Berkley lashed out at the administration of George W. Bush for making Israel more vulnerable as a result of the Iraq War.

“The only nation that seems to have benefited by our invasion of Iraq is Iran, which is a far greater threat to Israel than Iraq was,” she told JTA in October 2004, accusing then-Vice President Dick Cheney of “deceiving” her and others in the pro-Israel community when he made the case to them for the Iraq invasion.

“She’s not afraid of repercussions, no matter who the president is,” Engel said.

M.J. Rosenberg, a critic of Israeli policies from the left, said he tends to hold his fire when it comes to Berkley because she is unafraid to break with her allies among pro-Israel hawks.

“She speaks out against anti-Muslim or anti-Arab bigotry,” Rosenberg said. “She is a strong backer of working people, unions and minorities. I totally disagree with her position on the occupation, but she is a liberal and she is certainly not a hater.”

Berkley has outraised Heller this cycle $6.2 million to $5.8 million, and her campaign and donors show no signs of flagging. Nevada is seen a swing state and critical to maintaining Democratic control of the Senate.

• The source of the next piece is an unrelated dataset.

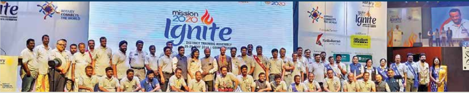
The District Training Assembly IGNITE 2020 was conducted on 25/05/19 and 26/05/19 at Hindustan College. A glimpse into IGNITE 2020.....

Talking Points Memo, the liberal news site, last week reported that the Democratic Senatorial Campaign Committee pressed ahead with plans to reserve $2.3 million in TV ad spending for Berkley even after the announcement of the ethics inquiry.

Still, the House probe could hurt Berkley, who is well known in and around Las Vegas but had planned on using the coming months to introduce herself statewide.

“She is from a very small urban district, and not well known outside, said Jon Ralston, a Las Vegas Sun reporter and the doyen of the state’s political reporters. “This is not a good way for her to be introduced to the voters of Reno. It’s going to damage her; it’s a question of how much.”